Monday, November 21, 2011

The importance of Documenting Performance

In my introduction to one job I was handed a letter and told, “Straighten this out”. On reading the letter I found that it was a claim from a supplier of construction site work services for some $500,000 plus demanding payment or threatening to take our company to arbitration. The heart of the claim was for a substantial amount of soil that had to be removed from the site and replaced with other good soil. While we think of soil as soil, there are a number of different types of soil that react in different manners when wet. For example “blue clay” is like a rock when it’s dry and it’s like “silly putty” when it gets wet. The reason why this soil had to be removed it was alleged, was that it was marginal soil from the beginning and due to the excessive amount of rains that had occurred, it was thoroughly soaked and therefore could not be compacted as is and could not be dried out in time to meet the completion schedule. Further the supplier alleged that they had taken steps to dry the soil, were unsuccessful and needed to have the soil removed and replaced. The charges in the claim were for the removal, trucking, dumping, purchase of new and placement.

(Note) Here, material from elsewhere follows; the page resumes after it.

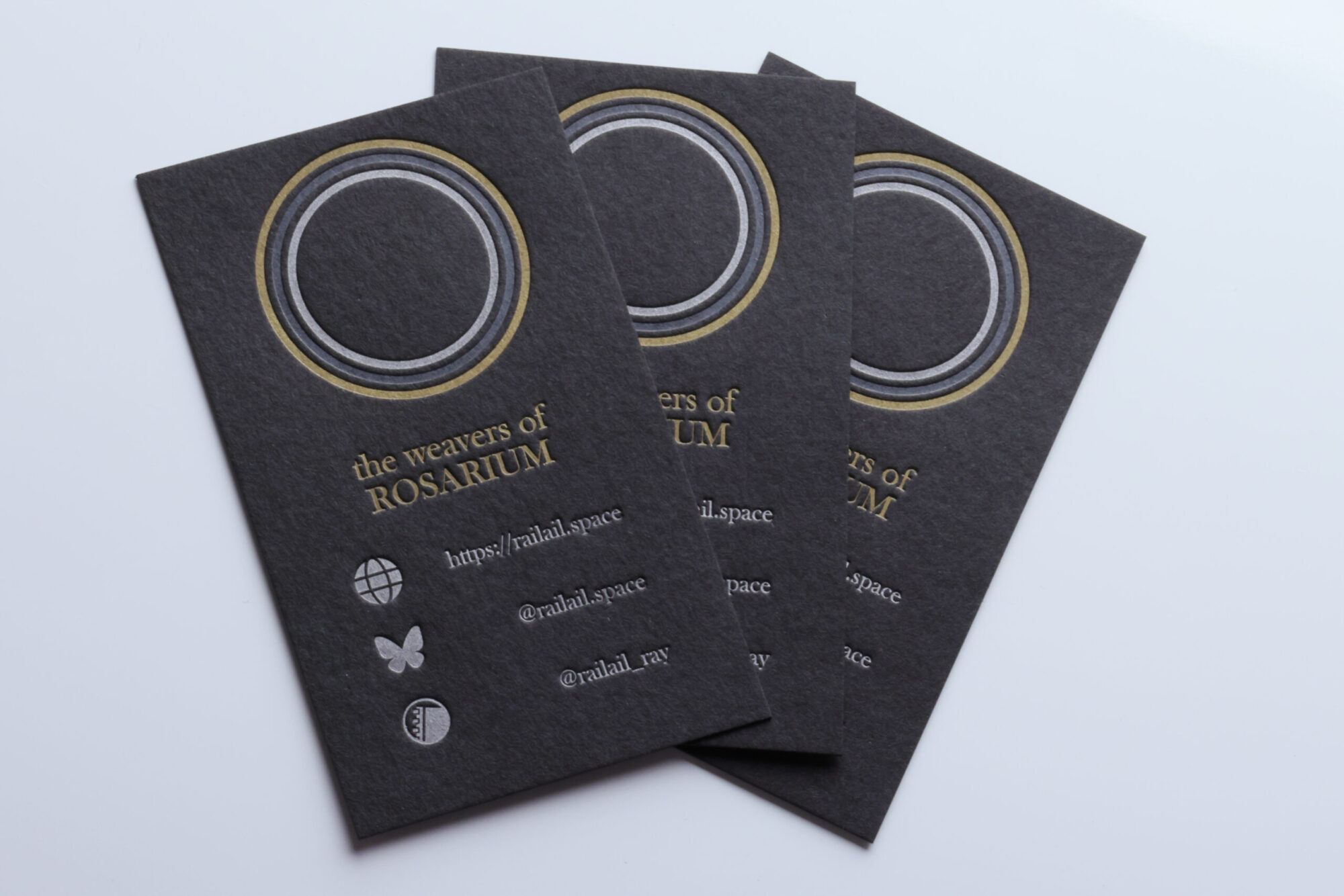 活版印刷のショップカードを黒紙に3色で請け賜わりました。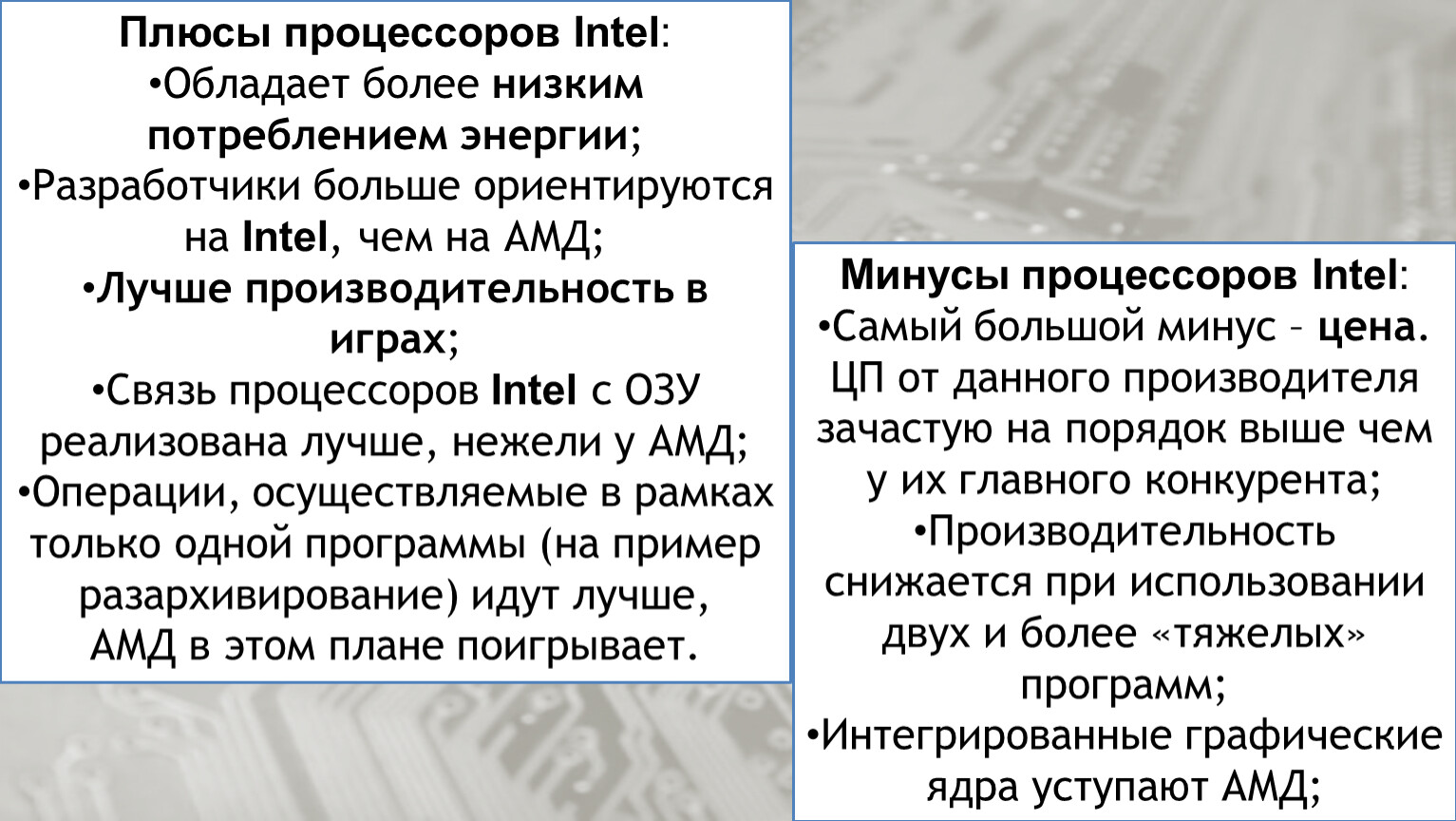 Самый большой минус – цена. ЦП от данного производителя зачастую на порядок выше чем у их главного конкурента;

The fact that there had been excessive rains was undisputed. A quick check with the National Weather Service verified the extent. So that couldn’t be argued. A quick review of our soil samples also confirmed that it was they type of soil that could be un-usable if it became thoroughly soaked. So that couldn’t be argued.

The next check was of the resident engineer’s logs and the architect / engineer’s site visit reports. Those were our primary documents as to the contractor’s performance.

In going through the resident engineer’s reports I discovered that prior to the rainy period in question, the contractor had trucked off the site numerous truck- loads of soil. Each truck going on and coming off the site had to check in. So we knew the exact number of trucks that went off site carrying soil and could from the size of the trucks calculate a quantity. A Building site design will have elevations that the contractor must grade and compact the soil to those elevations. The supplier is usually responsible to provide fill to meet those elevations when required. If there is excess fill the supplier is usually required to remove the excess, which they may then re-sell. We established that the supplier had removed a substantial quantity of good soil that could have been piled on site, protected, and used instead of purchasing new soil.

In the review of the Architect/Engineer’s site visit reports I also discovered that they had warned the contractor several times about stripping as large of area as they were stripping. Leaving this soil exposed would create a problem if there were heavy rains because of the nature of the soil. The practice of leaving a large amount of soil exposed was documented to have occurred immediately before and even during the early stages of the rains.

What I had discovered though the documentation was that while they hadn’t created the problem itself, they had multiplied the effect of the problem because of their practices. They left large amounts exposed, which they had been warned against. They further multiplied the effect of the problem by removing substantial amounts of soil from the site rather than stored it on site until the grading and compaction were completed. There was far more soil removed than they needed to purchase in the end, so if they hadn’t removed it and had protected it they wouldn’t have needed to purchase any.

I then worked with the Architect/Engineer to determine what would have been a reasonable amount of area to strip at any one time. That was to identify what amount of soil would need to be replaced if they had managed it properly. We then prepared an estimate of what the cost would be to remove that amount of soil would be and replace it with soil that should have be retained on site and protected.

My $90,000 offer to the contractor was backed up with our calculations, copies of the site logs, copies of the architect’s site visits. As things go, the contractor was not one to give up easy and noted said that they would take the claim to arbitration where they felt they would at least get half of their claim. I reminded them that there was no provision for arbitration in our agreement, We heard nothing for a while and then were contacted by their law firm. The first question from lawyer was whether we could agree to pay $97,000. As the cost of taking the case to court would have been substantial, I agreed. They had looked at the case, considered the evidence, understood that our offer was fair and the case wasn’t worth pursuing as they wouldn’t win.

In a later discussion with the lawyer in getting a release signed I asked him about the additional $7,000 and he explained that the $7,000 was to cover their fees!

Documenting performance is important. In these days of electronic communications if you communicate regularly with a supplier create a folder and keep that just in case you need it in the future whether its to defend against a claim or make a claim of you own.